# [Review] Dream Linux



## xfire (Jul 1, 2008)

Dream Linux- A nightmare for linux novices
I know that a title is a bit harsh but I am afraid it is true.
First lets get into some technical stuff.
Dream Linux is a Debian based distro(like Ubuntu) . It has both Xfce and Gnome interface. I'm reviewing the Gnome version.
The Installation
The first screen you get after booting into the CD ask you to choose the interface(Gnome or Xfce)
It also has mem-test for testing memory but the CD cant be checked for defects, which is a very important feature, since the disk has to be free of defects as it is an operating system.
                        I choose the Gnome interface and booted.

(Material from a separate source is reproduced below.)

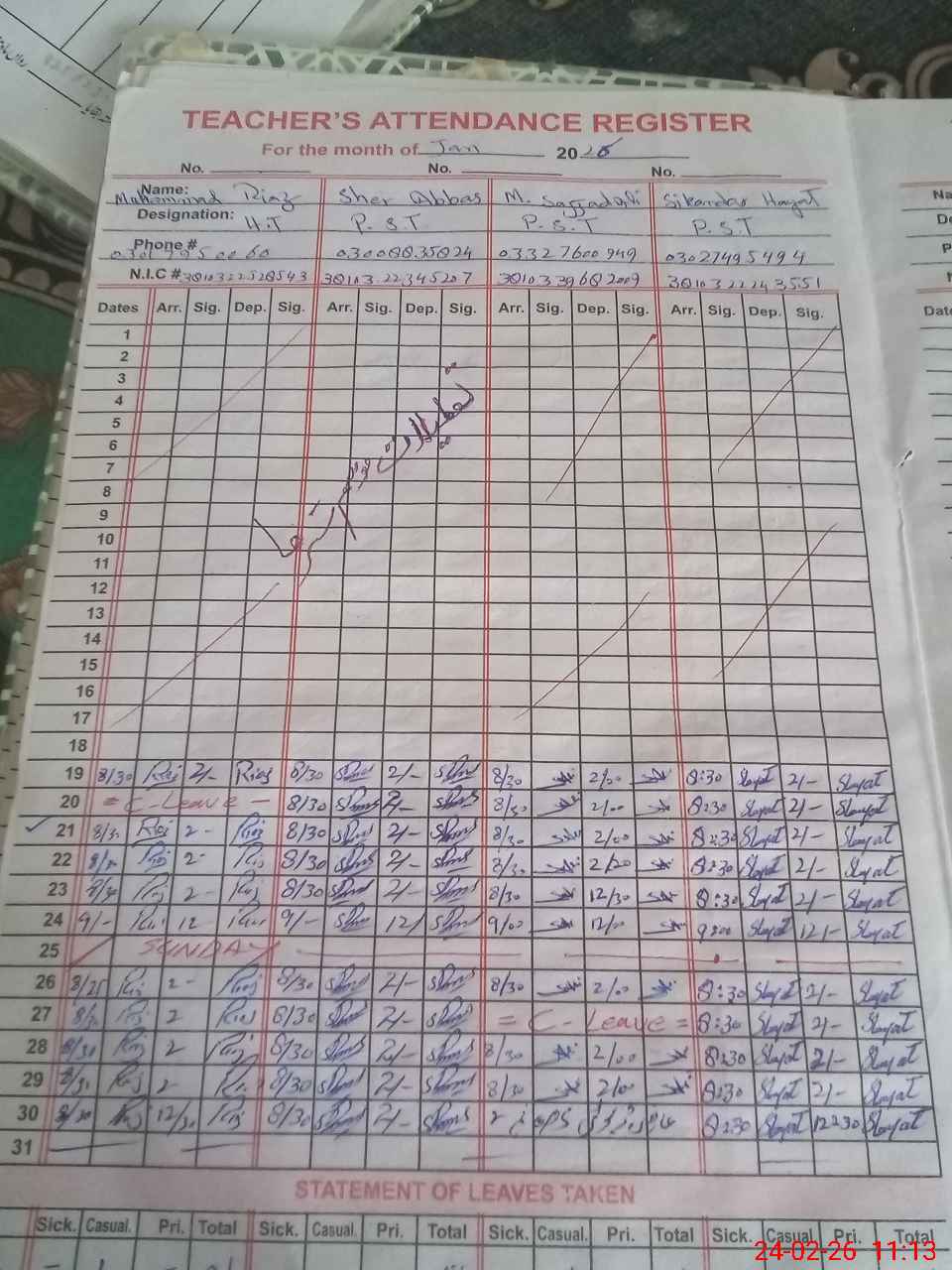 | CNIC | Full Name | Designation | R/C | Absence during last cal. month |

Here's where I faced my first nightmare. The whole thing is pretty slow. Even after booting completely. I do know that a live CD is slow as it is limited by the optical drive but this was way slower than other live C.D's.



The live desktop
                          After booting the system was pretty slow. The desktop had a few icons and it had a dock bar. There are two installers, one for installing on a thumb drive and one for installing on the hard disk. Here I installed it on the hard disk. The installer is a plus point. It is just a one step installer. First it will ask you to give the root password and next you have to add another user and at the last you have to select the type of partioning and where to install grub. Now Dream Linux also comes with gparted for editing partions but gparted couldn't detect my hard disk properly and didn't start at all. This could be due to the Ntfs partion present in it. Next hit the apply button and the process will start. The apply button is greyed out until you setup everything correctly. Now when I was installing, even though I setup every thing the apply button was still greyed out. It took me while to figure it out but you have to give a password for every user. Until the the apply button will remain greyed out and the installer doesn't even mention this.



The One( step installer) 
                                          The second nightmare started after hitting the apply button. Just to start installing it took about 2-3 minutes and it took a good 40 minutes to complete installing. Now this is unacceptable as this is a 690 MB distro. Ubuntu installs in just 15 minutes.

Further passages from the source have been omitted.